In this instance I don’t have a test set to work with so I’m jumping directly into forecasting. Also since I don’t know how long it will take for the forecast to recover to pre-COVID levels, I’ll set the forecast horizon for 6 years in the `h`

parameter. Passing in the actual_data let it be included in the output data set.

```
final_fcst <- modeltime_table(
prophet_boost_wf
) %>%
modeltime_forecast(
h = "6 years",
actual_data = fares,
keep_data = TRUE
)
```

*Visualizing the Forecast*

The `modeltime`

package makes it easy to visualize the data through the `plot_modeltime_forecast`

package. The default is to create a `plot.ly`

plot but that can be converted to a `ggplot2`

plot by setting `.interactive`

to `FALSE`

.

```
final_fcst %>%
plot_modeltime_forecast(.interactive = F) +
scale_y_continuous(labels = comma)
```

## When will Subway fares return to 80% of Pre-COVID? To 100%?

Now we can see how close my forecast is to the New York Times Report. I don’t actually know what the NY Times is considering Pre-COVID levels but for my purposes I’ll use the average number of fares in December 2019 to be my Pre-COVID.

```
baseline <- fares %>%
filter(month(week_start)==12 & year(week_start) == 2019) %>%
summarize(avg_fares = mean(fares)) %>%
pull(avg_fares)
```

From the projection plot above its clear that there is a seasonality that peaks in the fall and drops in December through the New Year.
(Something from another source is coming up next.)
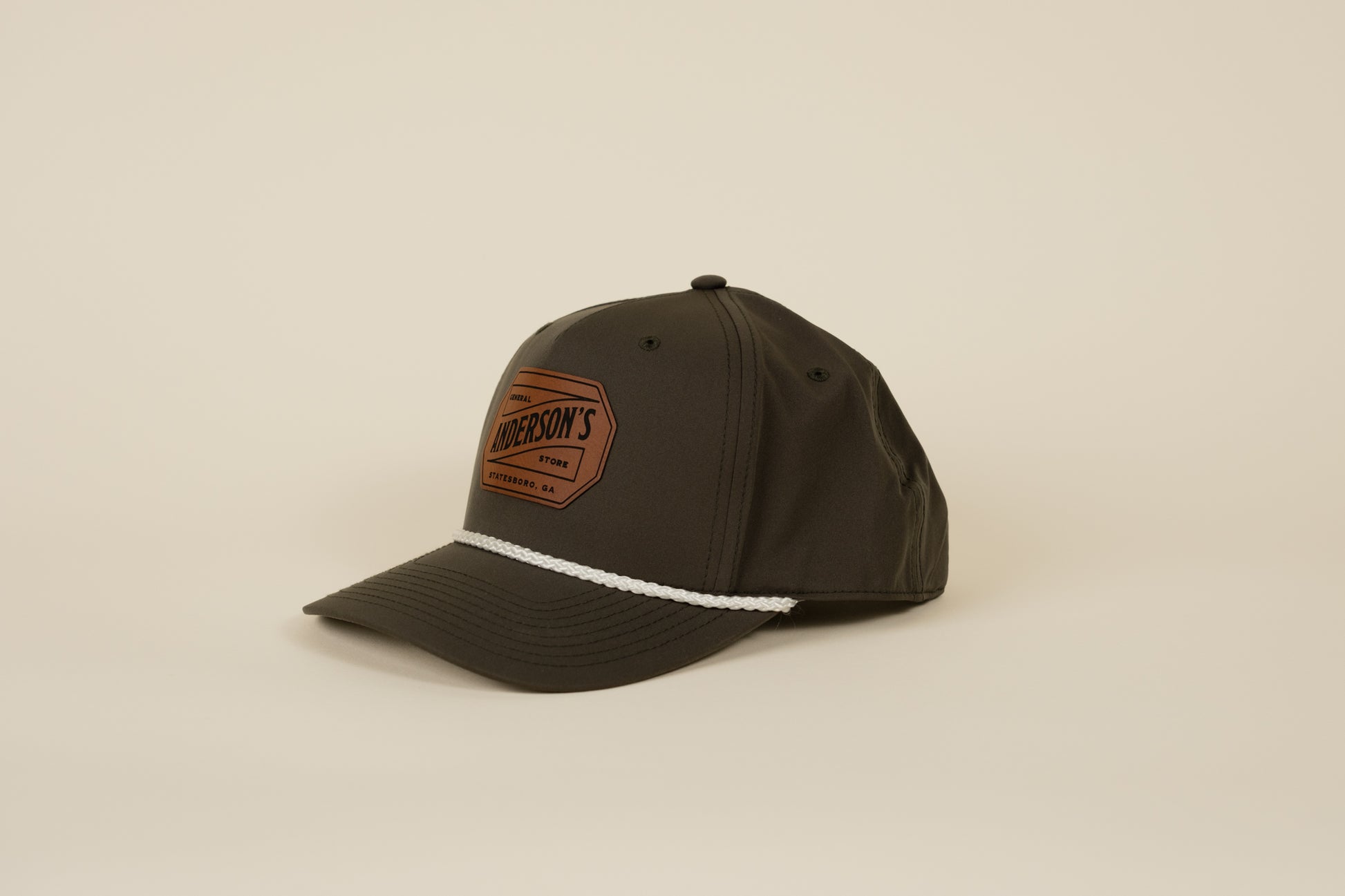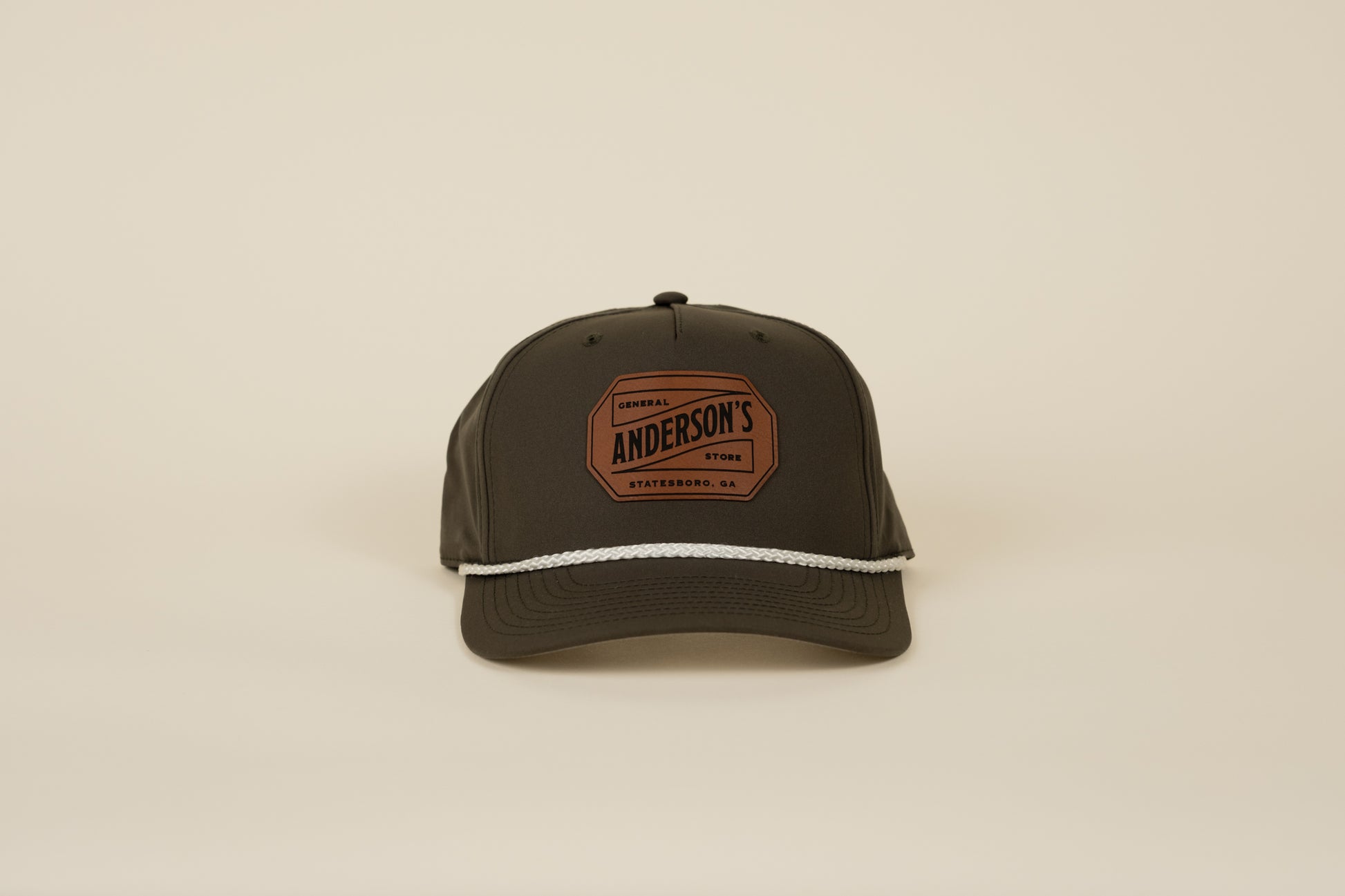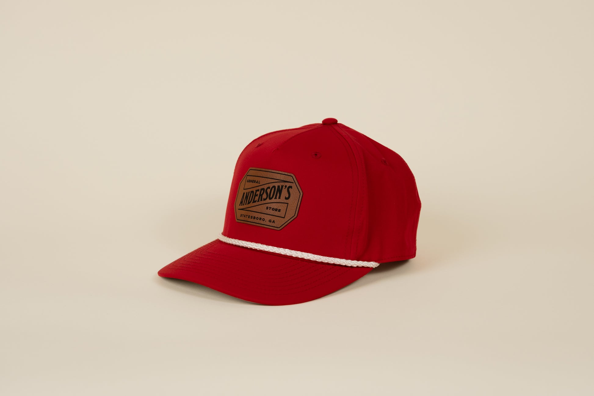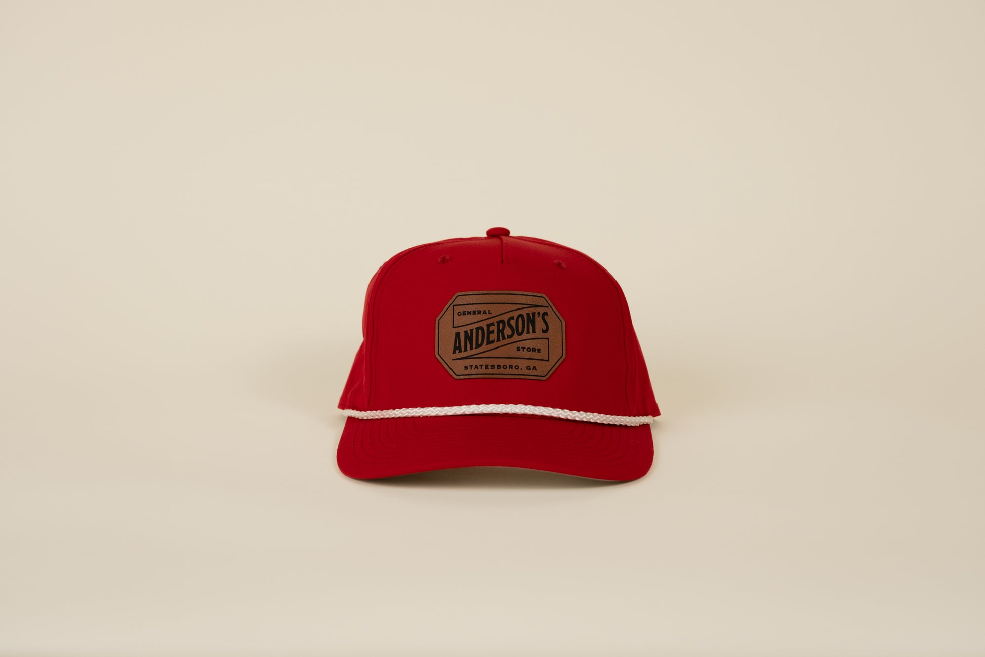 Stylish rope-front snapback hat featuring a leather Anderson's logo patch. Designed for aesthetics and comfort, it's the perfect cap for everyday wear. One Size Fits All.

To declare victory at 80% I’m going to require that there are 4 consecutive weeks of fares being above the Pre-COVID baseline.

I’m not sure of a great way to define when is the earliest date of the first run of 4 weeks above a threshold but I’m working it out in three steps:

- Define an indicator for whether that week is above 80% (
`above_80_ind`

) - Run a counter for each time that the indicator flips from 0 to 1 (
`run_id_80`

) to get an id for each run - For each
`run_id_80`

get the sum of`above_80_inds`

to represent the length of each run (`run_length_80`

)

```
rec_pct <- final_fcst %>%
filter(week_start >= ymd(20200401)) %>%
# Build Recovery Percentage
mutate(recovery_pct = .value / baseline) %>%
# Define Runs of when recovery_pct is above .8
mutate(
above_80_ind = (recovery_pct > .8),
above_100_ind = (recovery_pct > 1)
) %>%
# Define ID for each time we start a run
mutate(
run_id_80 = cumsum(if_else(above_80_ind == 1 & lag(above_80_ind) == 0,
1, 0)),
run_id_100 = cumsum(if_else(above_100_ind == 1 & lag(above_100_ind) == 0,
1, 0))
) %>%
add_count(run_id_80, wt = above_80_ind, name = "run_length_80") %>%
add_count(run_id_100, wt = above_100_ind, name = "run_length_100")
```

Now I can plot the recovery percentage by week and show that the first time there are four consecutive weeks above 80% is 2025-07-05 and the first time there are four consecutive weeks above 100% of the Pre-COVID value is 2027-06-26.

```
rec_pct %>%
ggplot(aes(x = week_start, y = recovery_pct)) +
geom_line(color = "#0039A6") +
geom_segment(aes(x = min(week_start),
xend = rec_pct[which.max(rec_pct$run_length_80 >= 4), ]$week_start,
y = .8,
yend = .8), lty = 2) +
geom_segment(aes(x = rec_pct[which.max(rec_pct$run_length_80 >= 4), ]$week_start,
xend = rec_pct[which.max(rec_pct$run_length_80 >= 4), ]$week_start,
y = 0,
yend = .8), lty = 2) +
geom_segment(aes(x = min(week_start),
xend = rec_pct[which.max(rec_pct$run_length_100 >= 4), ]$week_start,
y = 1,
yend = 1), lty = 2) +
geom_segment(aes(x = rec_pct[which.max(rec_pct$run_length_100 >= 4), ]$week_start,
xend = rec_pct[which.max(rec_pct$run_length_100 >= 4), ]$week_start,
y = 0,
yend = 1), lty = 2) +
scale_x_date(breaks = "1 years",
labels = year,
expand = c(0, 0)) +
scale_y_continuous(labels = percent, expand = c(0, 0),
breaks = seq(0, 1.6, .2)) +
labs(title = "Projected MTA Recovery vs. Pre-COVID",
subtitle = "Pre-COVID Baseline from December 2019",
x = "Date", y = "% of Dec 2019 Baseline") +
cowplot::theme_cowplot()
```

Based on this projection the NY Times article is being slightly pessimistic. According to the above NYC should reach 80% of Pre-COVID baseline by Mid-2025 which is earlier than the article’s projection of 2026.

Who will be right? We’ll have to wait at least 3 years to find out!